Dr. Davidson looks surprised. “Exactly so. He represents the harvest—the cycle of sowing, growing, and reaping. He represents the spirit of the grain, which to the pre-Christian Europeans, was a real entity who needed a place to house himself when the grain was cut down. The practice of corn dollies—or leaving a hollow sheaf in the fields, depending on your geography—comes from this idea. The dolly or the sheaf would house the spirit of the grain through the winter, and then during sowing season, it would be plowed under the first furrow of spring, thus returning the god into the ground to grow again. The last grain to be harvested is the first to be sown, harvest into planting into harvest again. Death feeding life, and so on. I assume the human sacrifice subtext is plenty apparent here?”

Poe nods.

“The idea of the Year King is an enduring one, even if it’s lacking in actual evidence,” Dr. Davidson continues. “That a king is tied to the land in such a visceral way that his death is necessary to feed it. He must not grow old, he must not grow weak—he must be cut down when he is healthy and strong and vital—and then be fed back to the land that fed him. As the poem goes, John Barleycorn must die.”
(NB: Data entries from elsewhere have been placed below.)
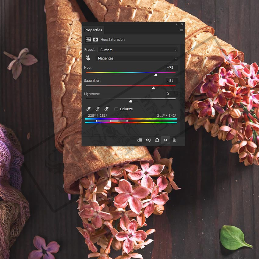 استفاده از پنجرۀ Hue/Saturation برای تغییر رنگ در فتوشاپ
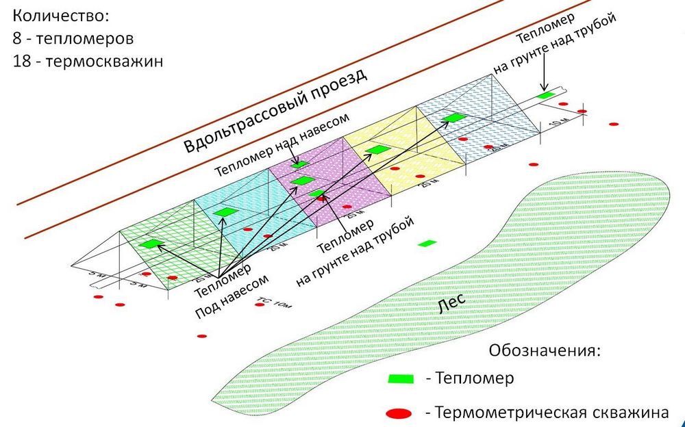 Рис. 8. Размещенные навесы, термометрические скважины и датчики теплового потока подземного нефтепровода
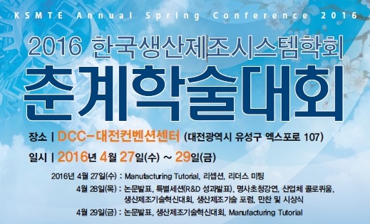 한국생산제조시스템학회는 오는 4월 27일부터 29일까지 대전에 위치한 DCC(대전컨벤션센터)에서 국내외 대학, 연구소, 산업체 연구자들을 초청하여 ‘2016 춘계학술대회’ 및 ‘제5회 생산제조기술혁신대회’를 개최한다. 이번 2016년도 춘계학술대회는 국내 생산제조기술의 발전을 통한 제조업 경쟁력 확보를 위해 산학연관이 혼연일체가 되어 소통을 하면서 친밀한 교류의 장이 되도록 봄 축제의 한마당을 준비할 예정이다.
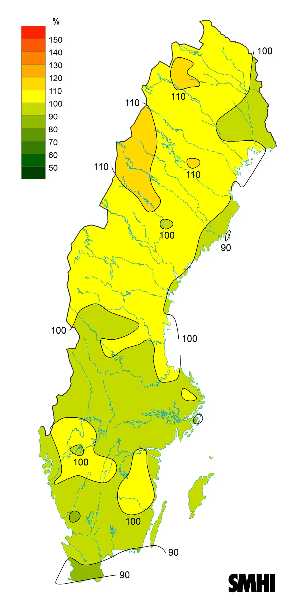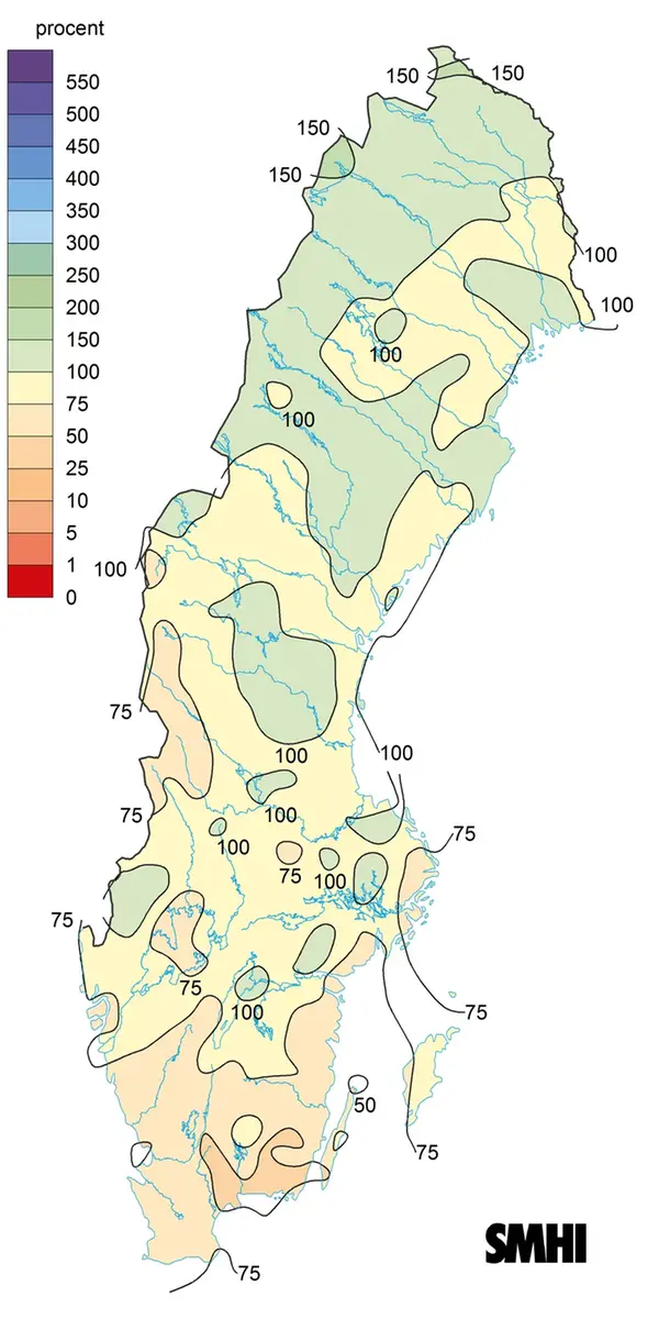 Nederbörd - Mycket torr i södra Götaland, lokalt mycket blöt i norr

John Barleycorn is a memory. She understands why Dream-Estamond meant it as a warning now. Because Poe knows about Year Kings . . . about Thorn Kings. Which means the memory of John Barleycorn is the memory of them, and she thinks again of Estamond bending the torc around her neck, walking to the thorn chapel alone in the dark.

“Dr. Davidson,” Poe asks, and then stops. And then starts again. “Do you have any theories as to why people would do this? Like, if they lived . . . recently. Not in

ancient times.”

The older woman takes a drink, already shaking her head. “They don’t do this if they lived recently,” she says. “This isn’t a modern practice, Proserpina. It’s not even a pre-modern one. The idea of human ritual murder was already abhorred by the time of Christ, that’s how old it is. And at any rate, I only deal in what I can touch and what I can see. I can give you facts. If you want religion, you’ll have to go to your father.”

“You promised.”

The lunch is over and all the guests—excluding Samson Quartey—are gone. The house has been tidied up, the dogs are napping, and Poe’s just cornered her father and Samson talking on the deck.
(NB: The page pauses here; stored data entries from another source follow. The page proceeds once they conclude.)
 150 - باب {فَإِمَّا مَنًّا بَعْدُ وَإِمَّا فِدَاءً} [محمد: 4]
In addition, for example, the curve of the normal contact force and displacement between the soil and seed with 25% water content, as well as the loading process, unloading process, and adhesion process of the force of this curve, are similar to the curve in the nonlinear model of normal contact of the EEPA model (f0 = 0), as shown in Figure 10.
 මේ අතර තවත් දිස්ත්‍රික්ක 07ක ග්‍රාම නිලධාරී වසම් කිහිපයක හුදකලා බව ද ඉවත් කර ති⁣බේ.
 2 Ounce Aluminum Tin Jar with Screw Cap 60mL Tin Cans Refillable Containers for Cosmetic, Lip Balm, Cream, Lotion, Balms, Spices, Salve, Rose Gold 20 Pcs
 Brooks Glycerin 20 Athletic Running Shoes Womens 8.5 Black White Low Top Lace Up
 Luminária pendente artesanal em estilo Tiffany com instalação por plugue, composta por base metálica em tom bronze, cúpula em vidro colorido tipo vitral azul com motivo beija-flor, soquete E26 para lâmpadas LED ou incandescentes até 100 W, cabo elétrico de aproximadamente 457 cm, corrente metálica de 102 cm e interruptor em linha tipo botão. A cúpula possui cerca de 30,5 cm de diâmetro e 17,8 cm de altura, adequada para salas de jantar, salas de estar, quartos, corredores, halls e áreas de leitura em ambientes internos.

“You promised,” Poe reminds her father when he turns to face her. “You said if I came home, you’d tell me why you and Mom went to Thornchapel. You said you’d tell me what you were doing that summer.”

She expects him to defer, to deflect. She expects him to hedge away from answering like he has so many times before. But he doesn’t do any of that. Instead, he looks over to Rebecca’s father, who nods at him, and it’s the kind of nod that makes Poe think they’ve already discussed this.

“You’re right,” David Markham says. “But I think all of you deserve to hear it, all together.”

It takes close to thirty minutes, but eventually everyone is gathered in the living room, sitting on overstuffed sofas and chairs—except for Auden, who sits on the floor so that everyone else can have a seat. His lap and legs are immediately covered with dogs looking for ear scratches, which he furnishes with a small smile and several low croons.

David insists that everyone has a drink, and while he’s pouring whisky and gin for his guests, Poe hears Delphine say to Rebecca, “Did you hear Emily Genovese say yesterday she’s coming to London next month? For a film festival?”

Rebecca’s voice is tense when she answers. “I didn’t.”

“Maybe we should take her out to dinner,” Delphine muses. “Or see if she’d like to come to Justine’s! That would be a nice way to welcome to her to London, since she let us play at Orthia’s.”

“Sounds brilliant,” Rebecca mutters.

Poe only has a second to wonder why Rebecca doesn’t seem to like Emily before Poe’s father is seated on a sofa next to Samson. They look cute together, in a mismatched kind of way—Samson in carefully pressed pants and a sport coat, and Poe’s dad in jeans and a fraying University of Kansas T-shirt.

David takes a drink and says to Samson, “I wish the others were here.”

“You mean our parents,” Becket says from his chair, nodding down to Delphine. Neither the Hesses nor the Danseys were able to come to Kansas for the funeral.

“They should be the ones to tell you,” Poe’s father says uncomfortably.